現在她像試一試,彩蝶弄足,鵲踏枝高飛,綠腰輕輕擺,恐不沾我身。
蝶弄足雖好,卻不能長久,如果有一舞曲能溶於步伐身形還有多好。
她運起七秀內功蝶弄足,她全身四周藍色的氣息包圍着,沙漠之狐皺了皺眉想這又是什麼招數,他握緊了手中的彎刀,想要再一次靠近袂清淺的時候卻發現,他連袂清淺的一片衣角都摸不到了。
他心下一片震撼,陣腳稍微亂,而就在這個時候,袂清淺的劍一擡,便將沙漠之狐的整個右耳全部削了下來。

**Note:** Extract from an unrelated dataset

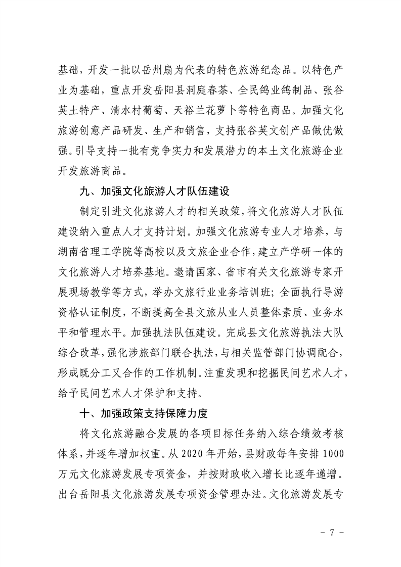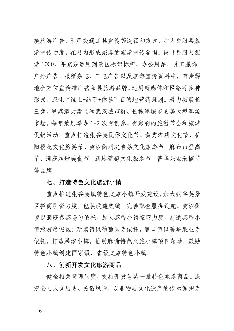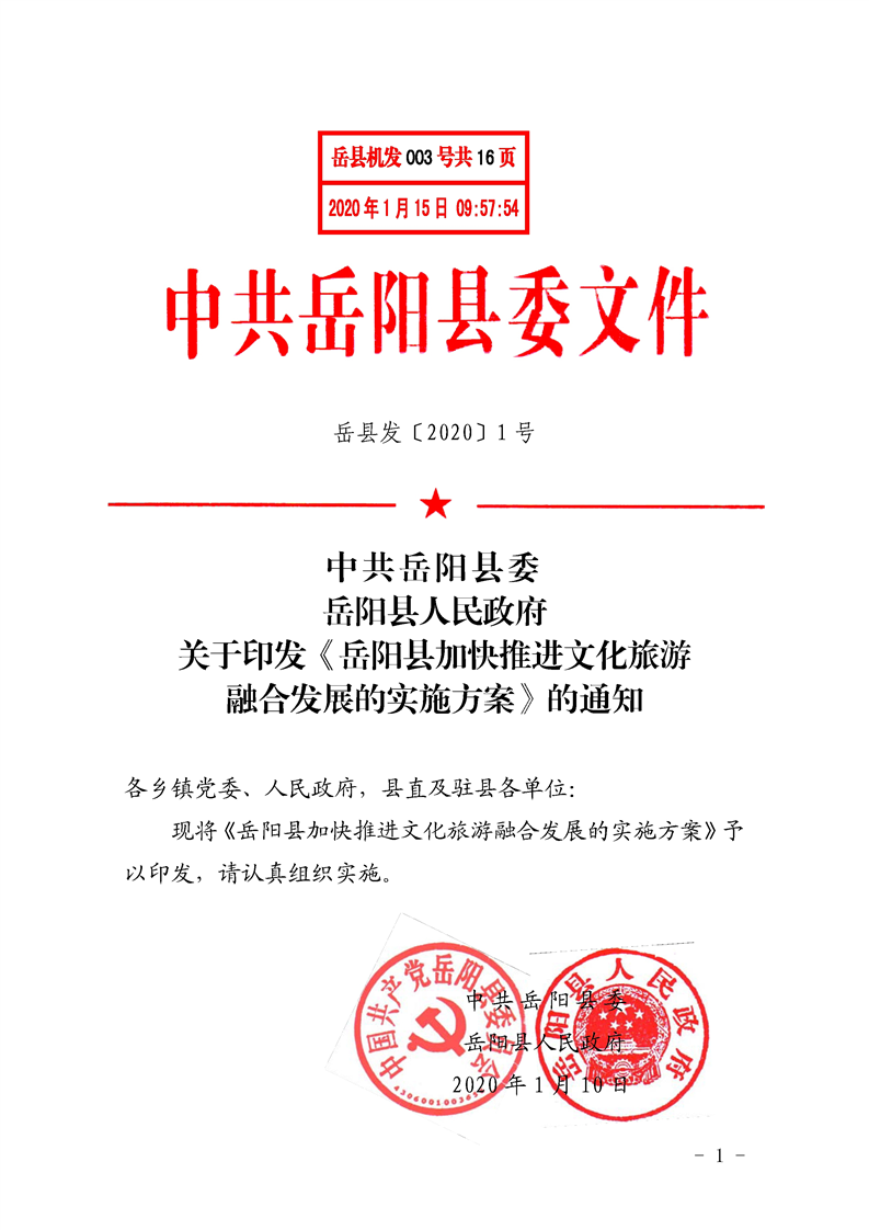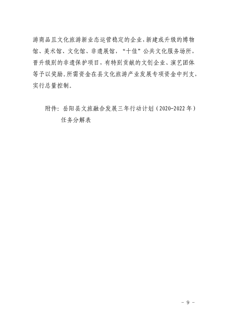 嶽陽縣加快推進文化旅遊融合發展的實施方案
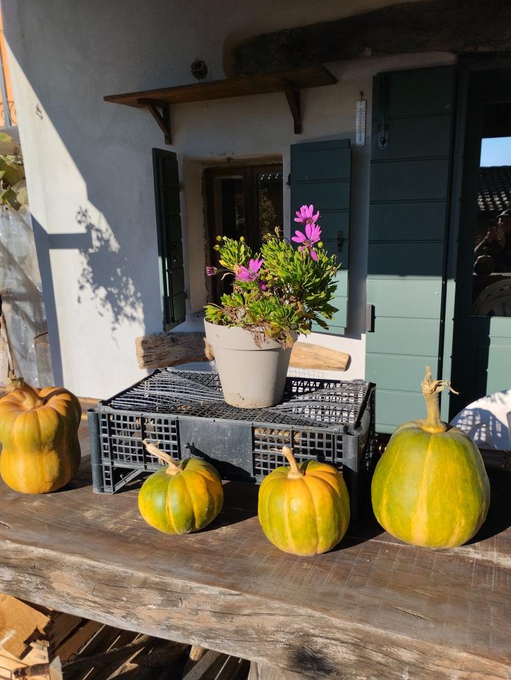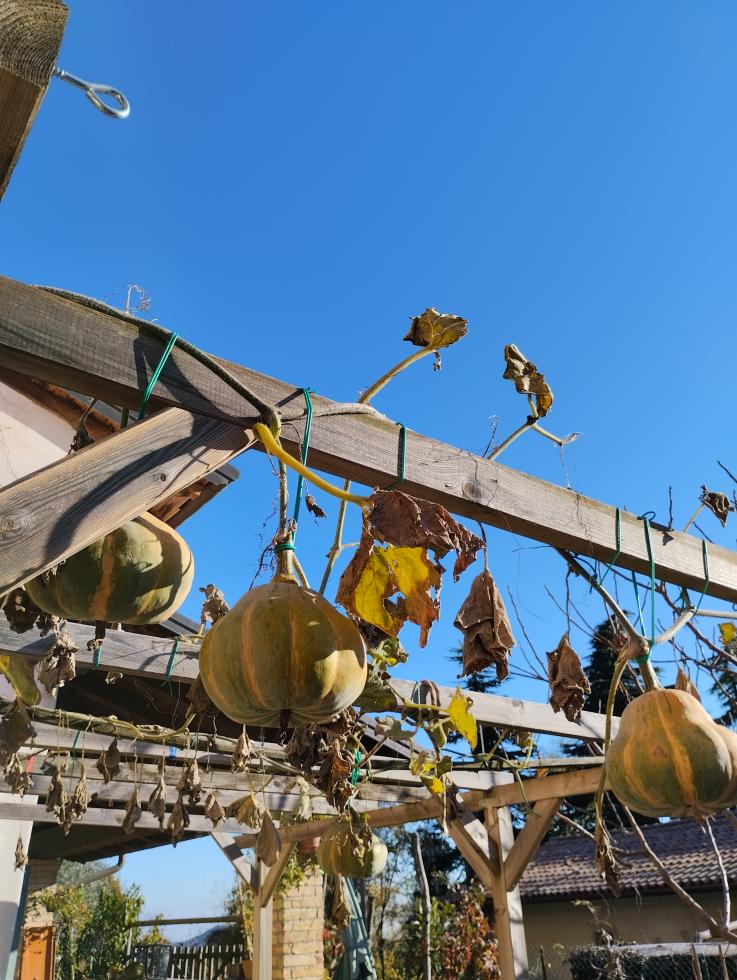 Sono stato, dopo 10 giorni, martedì nell'orto. Dopo il vento e la pioggia ho visto che tutto ha tenuto, anche le serrette, e non sono caduti alberi. Ho raccolto alcune zucche sparse e controllato alcune appese. Di entrambi i tipi unisco le foto. Le prime avevano il gambo esile e rinsecchito, le seconde sono ben messe e si potrebbe aspettare per la colorazione. Però arriva il gelo ed è meglio toglierle. Tutto impiantato in ritardo. Fatto una nuova esperienza. Buona giornata e buon pranzo. Un caffè ai passanti.

就在這一刻,押送糧草的所有人馬已經全部被七秀坊一干人等全部殺死。
袂清淺站直身子,就像她出發的時候一樣,她的劍指着沙漠之狐,厲聲說道:“七秀弟子,可以死,不可辱,辱我秀坊,削耳血洗此恥。”
“當年小七風采也不過如此吧!”
遠處的聲音熟悉得讓袂清淺心頭一顫,她擡頭看去,果然是自越城不見的花獨醉。
他還是袂清淺記憶中的樣子,君子風華,只是更加傲氣張揚,唯我獨尊。
“我怎麼會不知道你想的是什麼呢?你怎麼掌兵權,你爲什麼會節節敗退,我都知道,你還記得嗎,你的用兵陣法是誰教的?”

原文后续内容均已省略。